* **RAW DATA**:
--- START ---

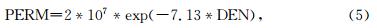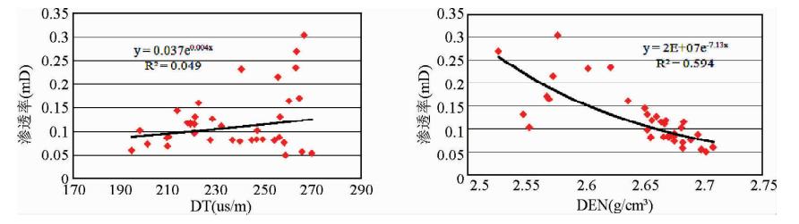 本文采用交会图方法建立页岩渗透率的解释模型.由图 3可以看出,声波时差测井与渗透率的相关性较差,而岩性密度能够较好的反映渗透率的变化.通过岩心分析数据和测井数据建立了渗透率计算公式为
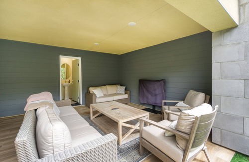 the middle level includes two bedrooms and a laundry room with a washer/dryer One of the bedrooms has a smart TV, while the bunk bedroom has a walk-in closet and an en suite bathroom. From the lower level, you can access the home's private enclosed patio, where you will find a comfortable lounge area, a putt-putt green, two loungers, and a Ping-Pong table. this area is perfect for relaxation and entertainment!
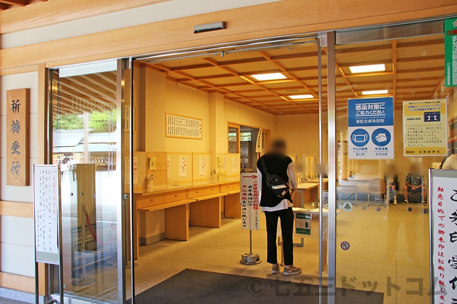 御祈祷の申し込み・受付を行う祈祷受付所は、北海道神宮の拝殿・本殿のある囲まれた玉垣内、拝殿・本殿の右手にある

--- END ---

In transcribing the listing, keep each word as it is and drop the pictures.

 本文采用交会图方法建立页岩渗透率的解释模型.由图 3可以看出,声波时差测井与渗透率的相关性较差,而岩性密度能够较好的反映渗透率的变化.通过岩心分析数据和测井数据建立了渗透率计算公式为
 the middle level includes two bedrooms and a laundry room with a washer/dryer One of the bedrooms has a smart TV, while the bunk bedroom has a walk-in closet and an en suite bathroom. From the lower level, you can access the home's private enclosed patio, where you will find a comfortable lounge area, a putt-putt green, two loungers, and a Ping-Pong table. this area is perfect for relaxation and entertainment!
 御祈祷の申し込み・受付を行う祈祷受付所は、北海道神宮の拝殿・本殿のある囲まれた玉垣内、拝殿・本殿の右手にある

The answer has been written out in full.